Finishing CM50 once makes you earn the title BAD ASS. How about four times? We interviewed five runners who have finished the race four times in a row from 2012 -2015.
I’ m Aldean Phillip Lim, a lawyer an and entrepreneur. I have 16 years of experience in mountain biking, 12 years in mountaineering, 6 years pf running, 5 years in triathlon, and 5 years in Trail Running. I am a Salomon Pilipinas Trail Running Ambassador and Team Suunto Philippines Multisport Team – Team Captain. My major races are Ultra Trail Du Mont Blanc (Finisher), Fatdog120mile (Finisher) and Hardcore 100miles International Trail Ultramarathon (Finisher/Hall of Famer).
I’m CJ Paran, an administrative officer of the Mayor’s Office in Pasay.
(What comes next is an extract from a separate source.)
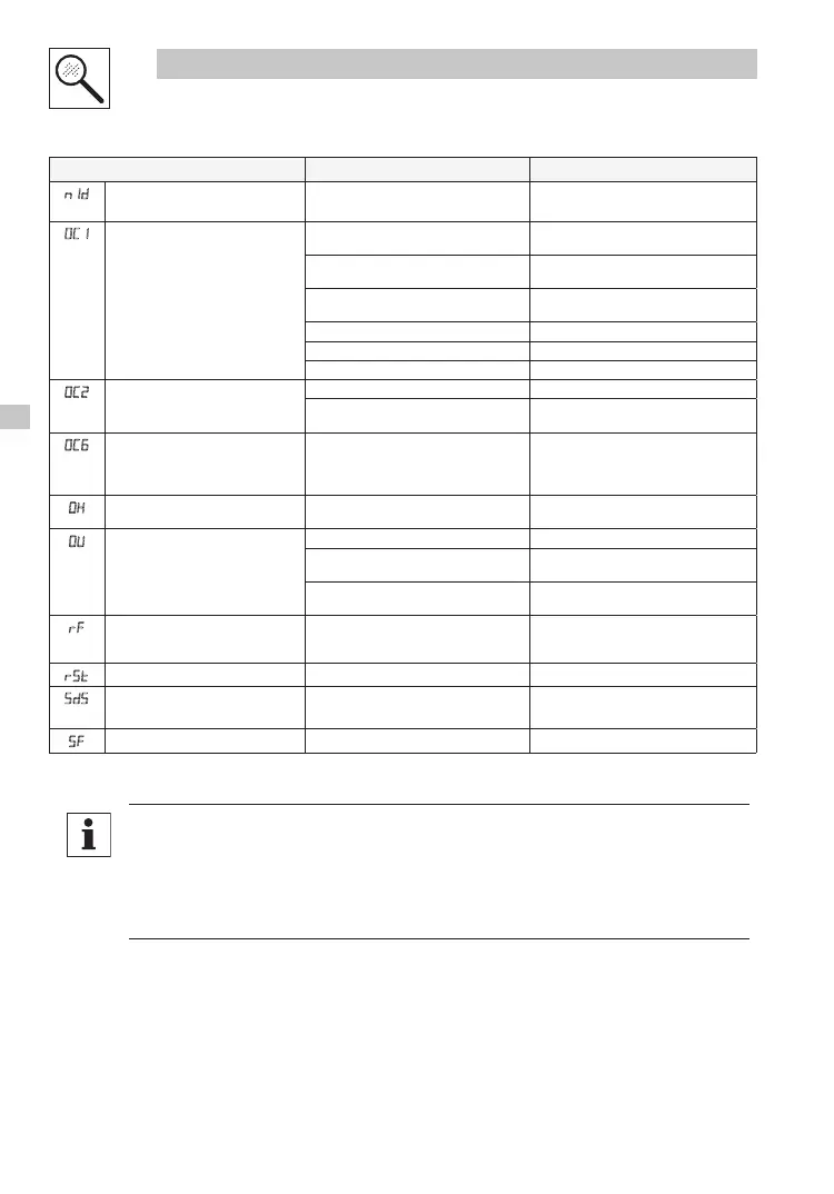 (1) Der Antrieb kann nur dann wieder gestartet werden, wenn die Fehlermeldung zurückgesetzt wurde (siehe c70).

I still go to school after work until 9pm. I used to play volleyball and badminton and got into running in 2010 when I ran 5K at the Globe Run for Home.here.
I’m George Javier, an entrepreneur who’s in the printing business. I played baseball in high school. My sports was drinking at night (kung sports yun) and then run 2k to 3k. In 2012, I joined trail races like the Makiling Quest, Salomon and TNF race and then eventually CM50. That’s when running started. I still drink.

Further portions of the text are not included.